A Utah homosexual advocacy group is encouraging members of The Church of Jesus Christ of Latter-day Saints to leave the church as a way to protest its support of a California ballot initiative outlawing gay marriage.
"It's a liberating step for people to leave behind a church that has become a source of pain and grief and sorrow," said Kathy Worthington, a lesbian and former church member who is directing the effort.Worthington said that in two weeks of word-of-mouth advertising she has received about 40 letters of "resignation," as she puts it, which she forwards on to church headquarters. She said she anticipates hundreds more as the effort gets coverage in the gay and lesbian press.
Most of those requesting that their names be removed from membership records are gay or lesbian.
An official statement from the LDS Church issued Friday said, "We regret that any member would asked to have his or her name removed from our records because the church has joined a coalition . . . to oppose same gender marriage.
"In the face of organized efforts to redefine marriage, the church has no doctrinal choice but to defend the traditional family," the statement said.
"President Gordon B. Hinckley has observed, 'Our hearts reach out to those who struggle with feelings of affinity for the same gender. We remember you before the Lord, we sympathize with you, we regard you as brothers and sisters. However, we cannot condone immoral practices on your part any more than we can condone immoral practices on the part of others.' "
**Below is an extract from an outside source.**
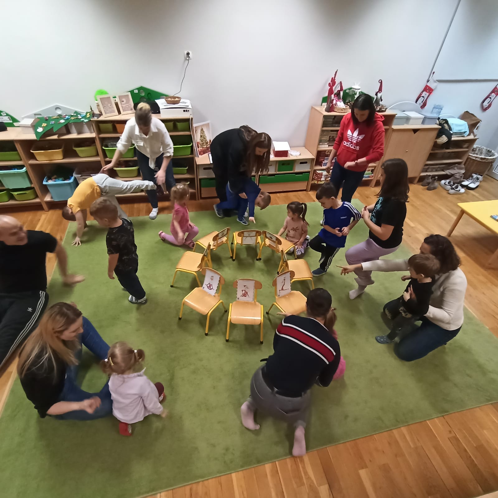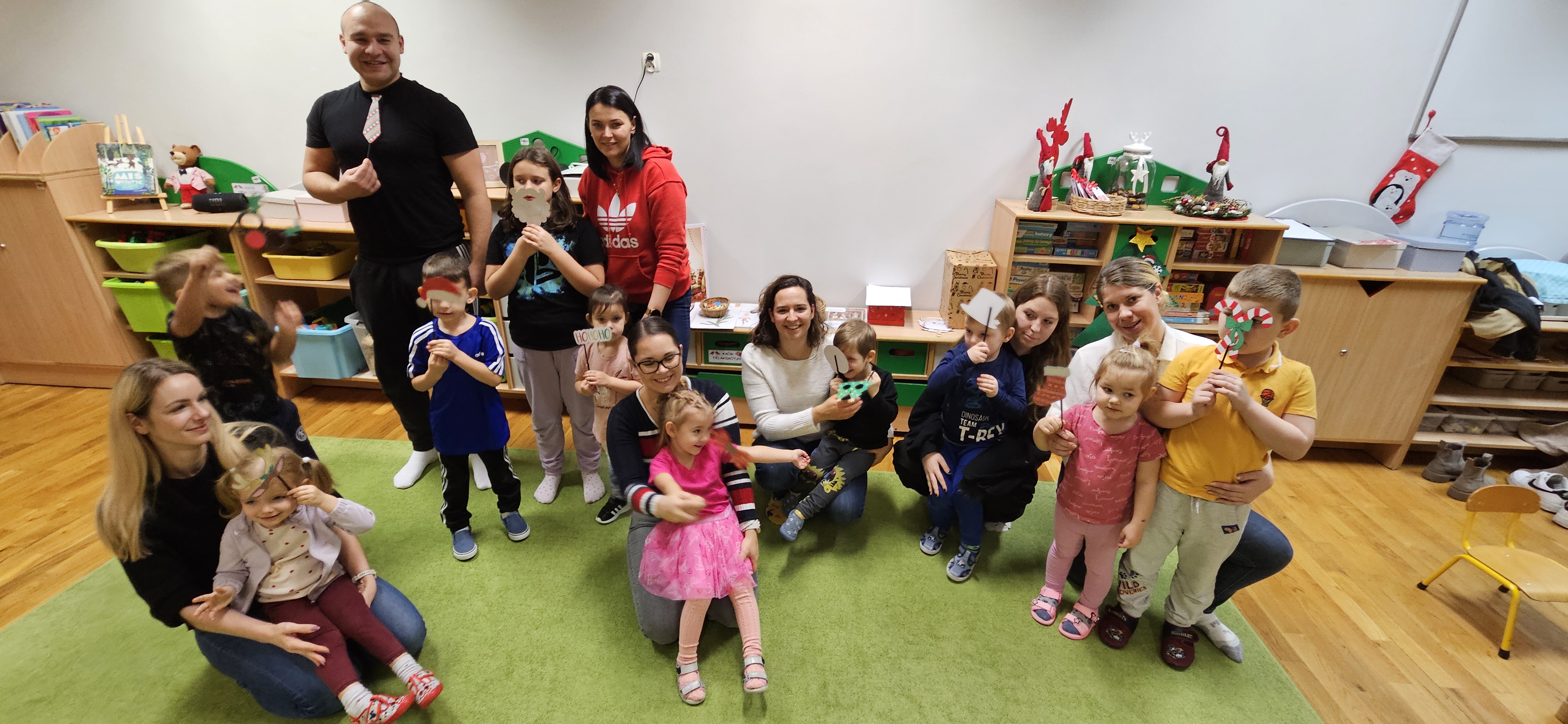 o tematyce świątecznej. Wspólnie została ubrana sensoryczna choinka, następnie wszyscy uczestnicy wzięli udział w Mikołajowej jodze. Na koniec warsztatów z zapałem zostały ozdobione aromatyczne pierniczki według pomysłów dzieci, które wykazały się przy tym pomysłowością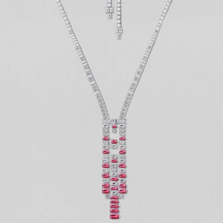 Колье Euphonia сразу же выделилось на общем фоне. Редкий набор рубинов огранки изумруд сочетается с бриллиантами огранки изумруд, расположенными чередующимися вертикальными нитями, которые ниспадают в строгом геометрическом порядке. Ажурная конструкция сохраняет легкость композиции, несмотря на концентрацию камней, а повторяющаяся огранка создает четкий визуальный ритм. Это очень характерный для Cartier способ использования цвета: точный, архитектурный и бескомпромиссный.

David Ensign drove from Boulder, Colo., to personally deliver his letter requesting removal of his name from church records.
"It was well worth traveling all that way," he said. "It is an outrage that the Mormons have been working to control state policy. . . . The Mormon Church has been abusing its power."
Ensign, Worthington and others held a press conference Friday to publicize what they're doing.
The group takes issue with the church's support of the Protection of Marriage Initiative, sponsored by California state Republican Sen. Pete Knight, which states that "only a marriage between a man and a woman is valid or recognized" in that state.
Same-sex marriage is not legally sanctioned in California or any other state. Defeat of the initiative would not legalize homosexual marriage, but proponents hope to rebuff any future attempts to do so.
Californians will vote on the measure on March 7, 2000.